**Work task**
Begin with the line below holding "A votre tour, poser" and go on through the line holding "Алюминиевая Подставка для", duplicating each line exactly and leaving out pictures.

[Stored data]

────

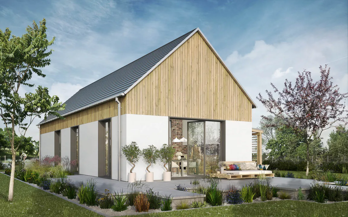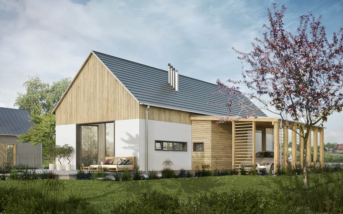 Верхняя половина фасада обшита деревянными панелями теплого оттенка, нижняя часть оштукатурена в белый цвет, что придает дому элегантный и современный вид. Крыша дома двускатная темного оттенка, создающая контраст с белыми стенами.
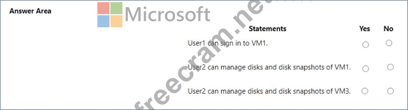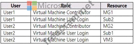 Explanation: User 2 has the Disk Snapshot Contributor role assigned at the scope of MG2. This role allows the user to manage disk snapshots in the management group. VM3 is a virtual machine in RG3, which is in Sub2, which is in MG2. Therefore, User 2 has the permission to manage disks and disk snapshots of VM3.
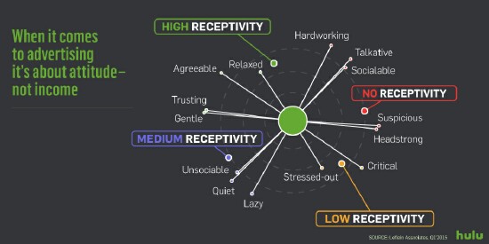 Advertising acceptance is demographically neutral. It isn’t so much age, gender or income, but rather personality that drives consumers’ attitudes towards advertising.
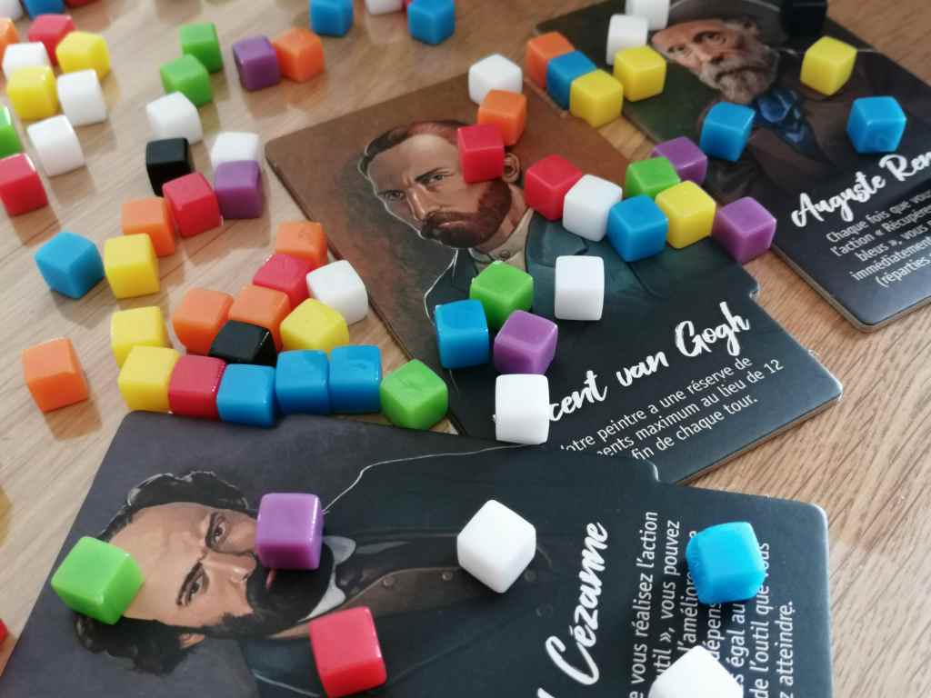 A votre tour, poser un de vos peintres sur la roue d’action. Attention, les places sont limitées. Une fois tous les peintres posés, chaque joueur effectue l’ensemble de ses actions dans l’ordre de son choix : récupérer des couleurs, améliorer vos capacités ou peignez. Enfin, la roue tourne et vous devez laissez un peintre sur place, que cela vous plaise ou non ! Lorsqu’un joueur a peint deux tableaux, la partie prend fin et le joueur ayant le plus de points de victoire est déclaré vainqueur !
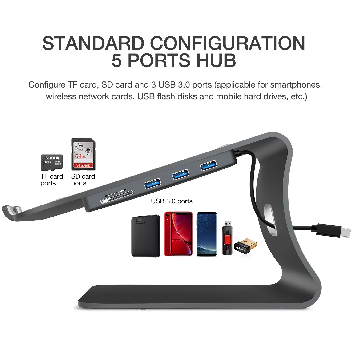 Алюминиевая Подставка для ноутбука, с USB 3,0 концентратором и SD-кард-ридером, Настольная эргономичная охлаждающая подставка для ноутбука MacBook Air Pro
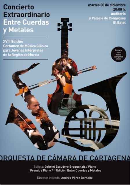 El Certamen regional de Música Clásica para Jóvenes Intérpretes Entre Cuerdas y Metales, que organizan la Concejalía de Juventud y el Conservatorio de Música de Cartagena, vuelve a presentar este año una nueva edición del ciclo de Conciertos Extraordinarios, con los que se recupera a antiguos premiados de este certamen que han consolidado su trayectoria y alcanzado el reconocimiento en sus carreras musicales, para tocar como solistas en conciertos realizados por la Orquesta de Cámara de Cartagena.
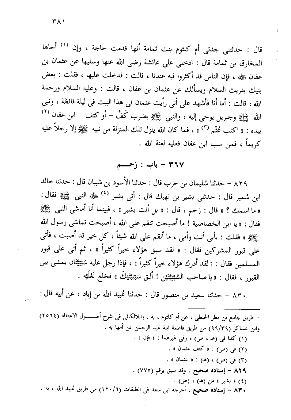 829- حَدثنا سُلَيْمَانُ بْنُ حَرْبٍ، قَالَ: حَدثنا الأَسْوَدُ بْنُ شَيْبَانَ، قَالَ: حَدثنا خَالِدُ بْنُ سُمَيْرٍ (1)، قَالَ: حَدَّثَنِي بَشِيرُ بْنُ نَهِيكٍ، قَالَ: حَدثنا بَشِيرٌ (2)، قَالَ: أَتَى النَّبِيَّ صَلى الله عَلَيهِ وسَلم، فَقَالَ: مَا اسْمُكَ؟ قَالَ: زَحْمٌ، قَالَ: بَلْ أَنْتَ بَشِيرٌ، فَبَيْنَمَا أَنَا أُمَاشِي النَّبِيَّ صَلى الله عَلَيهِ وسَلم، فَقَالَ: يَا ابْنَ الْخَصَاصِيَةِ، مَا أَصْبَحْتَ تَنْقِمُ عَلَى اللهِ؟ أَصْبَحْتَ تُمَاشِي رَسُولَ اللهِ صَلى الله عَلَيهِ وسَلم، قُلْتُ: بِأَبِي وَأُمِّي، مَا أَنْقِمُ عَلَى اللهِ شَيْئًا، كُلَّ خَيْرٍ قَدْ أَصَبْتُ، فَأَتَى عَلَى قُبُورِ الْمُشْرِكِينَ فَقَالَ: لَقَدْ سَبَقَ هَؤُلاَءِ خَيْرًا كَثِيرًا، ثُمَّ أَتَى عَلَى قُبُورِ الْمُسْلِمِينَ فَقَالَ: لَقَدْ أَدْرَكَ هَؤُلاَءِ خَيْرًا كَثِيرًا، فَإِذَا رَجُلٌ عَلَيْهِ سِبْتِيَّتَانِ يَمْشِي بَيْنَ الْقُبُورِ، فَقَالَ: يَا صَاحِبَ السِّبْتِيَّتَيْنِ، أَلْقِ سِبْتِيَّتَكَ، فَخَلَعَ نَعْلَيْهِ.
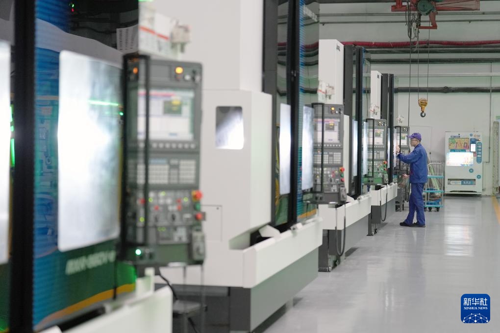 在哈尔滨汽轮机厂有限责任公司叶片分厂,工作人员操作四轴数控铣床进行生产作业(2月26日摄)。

────

**Solution to this task**
 A votre tour, poser un de vos peintres sur la roue d’action. Attention, les places sont limitées. Une fois tous les peintres posés, chaque joueur effectue l’ensemble de ses actions dans l’ordre de son choix : récupérer des couleurs, améliorer vos capacités ou peignez. Enfin, la roue tourne et vous devez laissez un peintre sur place, que cela vous plaise ou non ! Lorsqu’un joueur a peint deux tableaux, la partie prend fin et le joueur ayant le plus de points de victoire est déclaré vainqueur !
 Алюминиевая Подставка для ноутбука, с USB 3,0 концентратором и SD-кард-ридером, Настольная эргономичная охлаждающая подставка для ноутбука MacBook Air Pro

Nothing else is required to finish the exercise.